A Target.Transport picks the wire protocol: HTTPTransport, H2CTransport, HTTPSTransport, UnixTransport (dial a Unix socket), or the dynamic multi-scheme Transport. Each of the first three and the dynamic one exposes an optional DialContext seam to replace the default net.Dialer — to observe dial errors, re-resolve endpoints, or wrap the connection. (Setting DialContext makes DialTimeout a no-op — the custom dialer owns its timeouts; UnixTransport has no seam.)

Upstream also rewrites the proxied request: Upstream.Host overrides the Host header sent to the backend, and Upstream.Path prefixes a base path onto the request path so a backend can be mounted under a subpath (the inverse of stripprefix).

Retries

Every upstream.Upstream automatically retries a failed transport round-trip up to Retries times (default 3) with exponential backoff (BackoffFactor << attempt, default base 50 ms). Only eligible requests are retried: by default an idempotent method (GET/HEAD/OPTIONS/TRACE) whose body is absent or rewindable (r.GetBody != nil, so each attempt can resend the full body). Set Upstream.RetryPolicy to widen eligibility (e.g. an idempotent PUT/DELETE) or narrow it.

up := upstream.New(lb)
up.Retries = 2
up.BackoffFactor = 20 * time.Millisecond
s.Use(up)

⚠️ Retry amplification. An eligible request can hit upstreams up to Retries+1 times, and if the same Upstream is fronted by a HedgingLoadBalancer, each attempt fans out to MaxHedge more — worst case ≈ (Retries+1) × (MaxHedge+1) origin calls. Never mark a non-idempotent request retryable: a retried POST can double-apply a side effect.

Hedging (speculative retry)

upstream.NewHedgingLoadBalancer wraps any balancer to cut tail latency: if an idempotent, body-less request hasn't responded within HedgeDelay, it sends a duplicate to another target (the wrapped balancer self-selects a different one), returns whichever response arrives first, and cancels the loser.
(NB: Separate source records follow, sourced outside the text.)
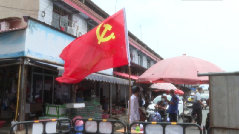 烈日炎炎,在湘北市場,市城市規劃執法大隊黨支部書記鐘潔將一面鮮紅的黨旗交到駐守在一線的市城市規劃執法大隊全體黨員手中,要求所有黨員必須嚴格落實疫情防控點值守查驗制度,對進入市場的市民,督促其要間隔開距離,并佩戴口罩、測體溫、“三碼”聯查,發現黃碼、紅碼、體溫超高者,立即上報疫情防控指揮部。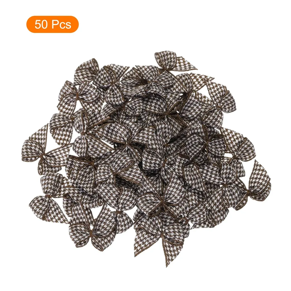 What is this?These ribbon bows are mostly used in the hemming and decoration of leather goods, bags, sleeping bags, tents, and clothing. Because polyester ribbon is soft, they are mostly used for the hemming of softer fabrics.What will I get?The Mini Ribbon Bow, we provide here, is in size of:Material: PolyesterColor: Brown and WhiteDimension: 1 x 1 inch (W*H)In the package of: 50 x Mini Ribbon BowsAre there any advantages of the product?Polyester material, fine texture, high washing fastness, no fading, smooth and wrinkle-resistant, flexible to the touch.The product is bright in color, fashionable and new in design, and can be used on many occasions. It is suitable for hair accessories, clothing, Christmas gifts, baking decorations, gift box packaging, hotel decorations, wedding decorations, flower packaging, birthday arrangements, etc.How to use it?1. Choose the color of the Mini Ribbon Bow that matches your project or gift wrapping paper. 2. Use twist ties (not included here) or or glue to secure the mini ribbon bows to desired surfaces such as gift boxes, cards, or crafts. 3. Adjust the position of the bow if necessary to get the desired look.What should I notice?Manual measurement, please allow +/-3mm errors in size.Please note that there may be a slight color difference between the picture and the actual product, and the color is subject to the actual product received.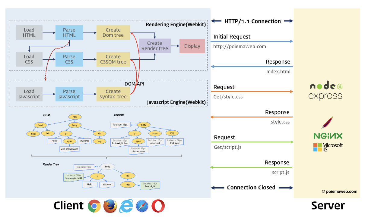 텍스트 파일로 만들어져 있는 웹문서를 브라우저에 렌더링하려면, 웹 문서를 브라우저가 이해할 수 있는 구조로 메모리에 올려야합니다. 브라우저의 렌더링 엔진은 웹 문서를 로드한 후, 파싱하여 웹 문서를 브라우저가 이해할 수 있는 구조로 구성하여, 메모리에 적재하는데 이를 DOM이라 한다.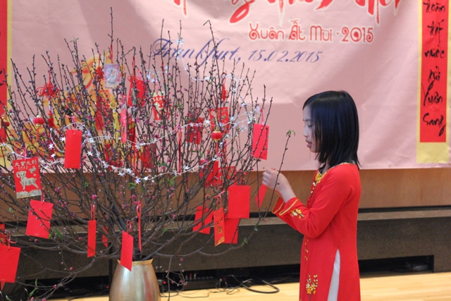 Không gian Tết Việt tràn ngập hội trường! Những cành đào được gửi từ quê nhà như còn đọng những hạt sương, như đang thả cái hồn Tết nơi quê nhà cho những người con xa xứ.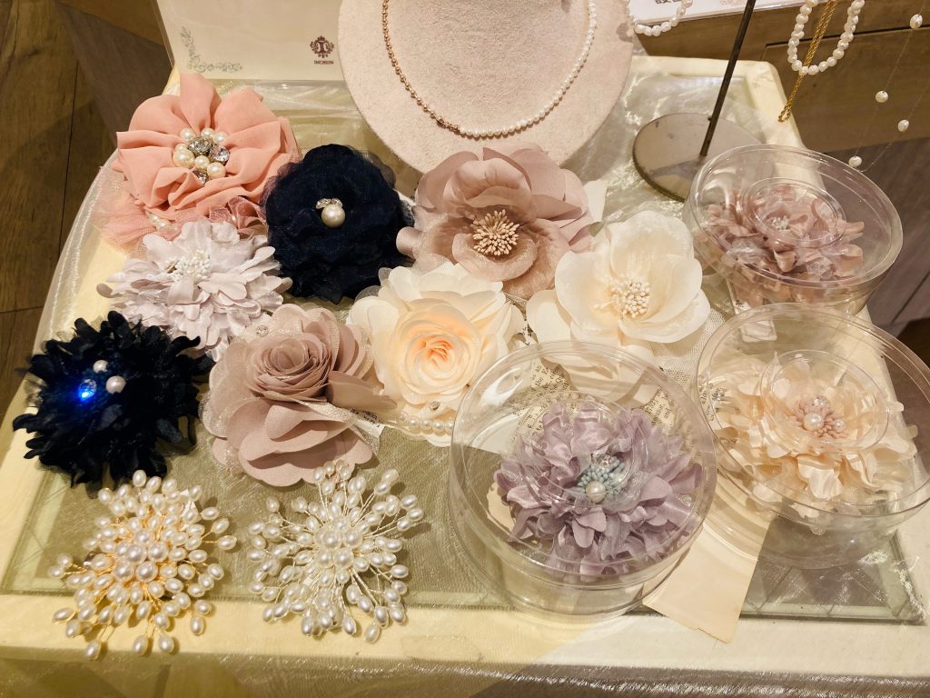 どんなお洋服の色味やデザインにも合わせやすい形のコサージュが入荷しております(*^^*)

The race happens inside the RoundTripper, so the proxy only ever sees the winner.

h := upstream.NewHedgingLoadBalancer(lb) // lb is any balancer
h.HedgeDelay = 30 * time.Millisecond     // ~p95; <= 0 disables (zero-cost pass-through)
s.Use(upstream.New(h))

MaxHedge (default 1) caps the fan-out. Non-idempotent requests, and a request already inside the retry loop, pass straight through. Because losing legs are cancelled with context.Canceled, a custom IsFailure on the wrapped balancer must exclude it (the default does), or hedging would slowly eject the healthy backend it raced.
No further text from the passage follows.